The allegations continue stating that beginning in June 2016, the chain regularly paid several tipped employees a flat salary of $300 for all hours worked, including hours totaling over forty. “This payroll scheme is an obvious and willful avoidance of Wahlburgers’ obligation to pay one and one-half times the regular hourly rate for all hours over forty, as required by the Fair Labor Standards Act and New York Labor Law,” the complaint states.

The former employees also contend that when Wahlburgers obtained gratuities from customers for tipped workers, it also imposed an unlawful tip pool that allowed them to pay non-tipped kitchen employees out of those funds. And the workers claim they were never paid for attending mandatory meetings, and were never provided with accurate wage statements showing a breakdown of hours worked, wages and tips paid.

Wahlburgers, franchisee entities, accountable as joint employers

In addition to naming Wahlburgers Franchising, LLC in the lawsuit, three of its franchisee entities, Coney Burgers, LLC, Big Apple Burgers, LLC and WBDC, all located in New York State, were also identified as defendants.

Three officers of the franchisee entities, Mark Andrew Singer, John Cestare and Ben Niass, are also individually named in the class action, claiming they possessed operational control and policy making authority, and had ownership interest over the Wahlburgers’ franchised businesses. Because the franchisee officers had the authority to hire and fire employees, establish pay practices and scheduling, control labor relations and personnel policies, determine terms and conditions of employment, and maintain employment records, the lawsuit alleges they are “personally, jointly, and severally liable for violations of the Fair Labor Standards Act and New York Labor Law.

Because all three, Wahlburgers Franchising, the franchisee entities and the officers of those companies, all acted directly or indirectly in the interests of one another in relations to the former employees and similarly situated employees, the complaint asserts that they are joint employers over the workers.

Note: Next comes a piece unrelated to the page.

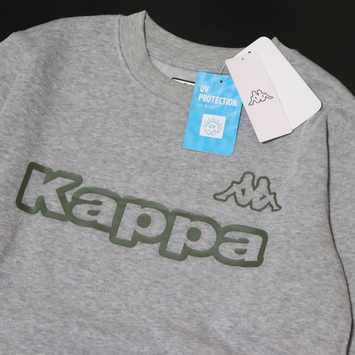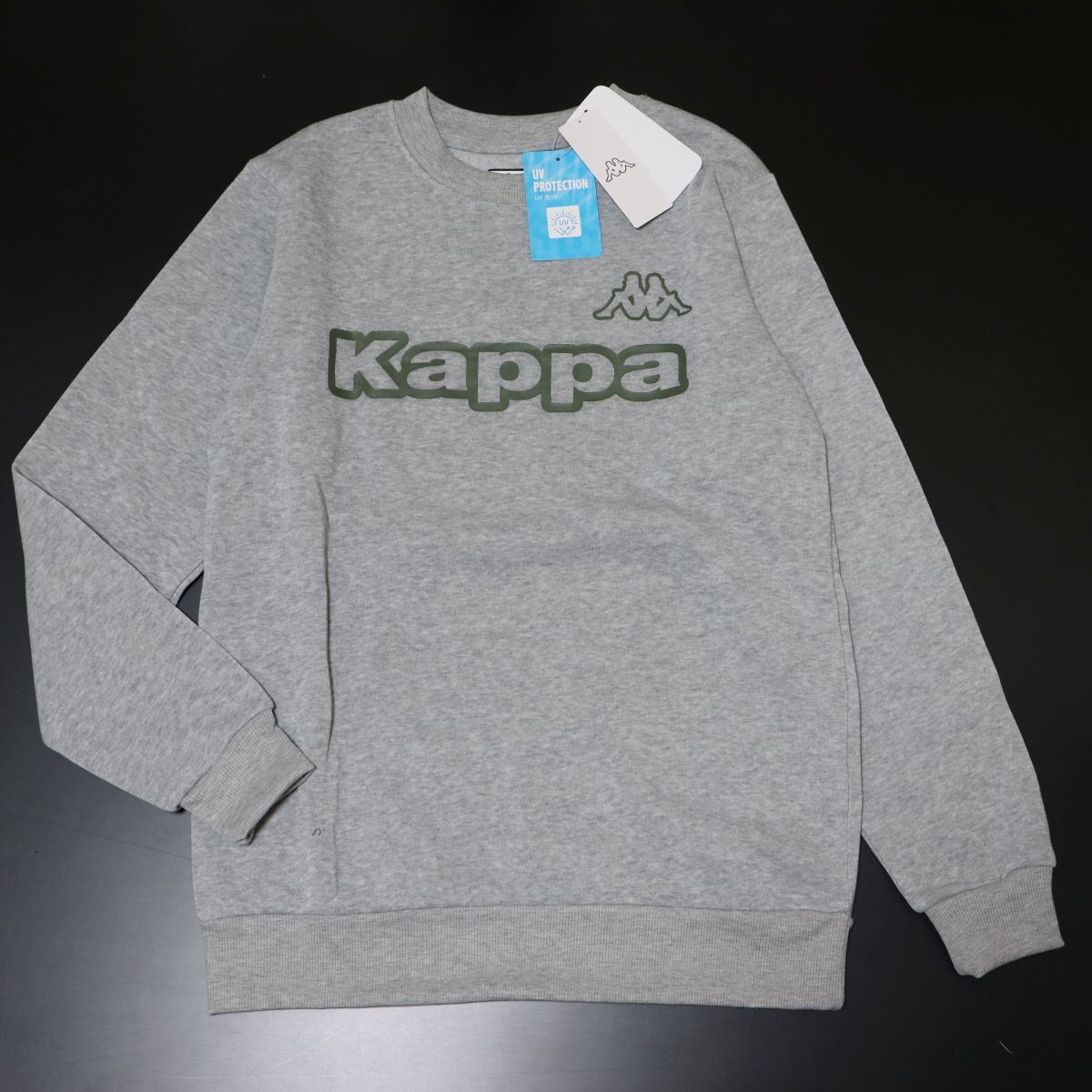 ★カッパ KAPPA メンズ UVカット 裏起毛 保温 ビッグロゴ スウェット トレーナー シャツ 灰 Mサイズ [245345-MGY-M] 一 三 壱★QWER★

New York attorneys Mitchell Schley and Louis Pechman, representing the five Wahlburgers former employees, filed eight claims against the Wahlburgers defendants. They include violations of the Fair Labor Standards Act and New York Labor Law for failing to pay the required minimum wage and overtime. Other claims are for violations under the Wage Theft Prevention Act, the Spread-of-Hours Pay, Misappropriation of Gratuities, and Unlawful Deductions from Wages.

The former employees in the suit bring two claims, under NLSA for unpaid minimum wage and unpaid overtime, as a collective action for themselves and for other non-exempt employees of Wahlburgers, including cooks, runners, expeditors, dishwashers and porters, at any time three years prior to the filing of the complaint. It consists of approximately one hundred current and former non-exempt employees of Wahlburgers.

The lawsuit asks for class certification, and for damages, liquidated damages, pre-judgment and post-judgment interest, and award for attorneys’ fees and costs.

People magazine reported on the litigation last week, saying the Wahlburgers chain has launched an investigation into the Coney Island franchise where the alleged claims of wage theft began. A spokesperson said in a statement, “Wahlburgers is all about family. Treating people fairly and with respect is at the heart of our brand. Since this situation came to light yesterday, we’ve been working with Coney Burgers to better understand the circumstances.”

The Coney Burgers franchise company also issued a statement, saying, “As a franchisee, we work hard to uphold Wahlburgers’ values and brand culture. We’ve become aware of dissatisfaction of some of our former employees and are now looking into the matter.”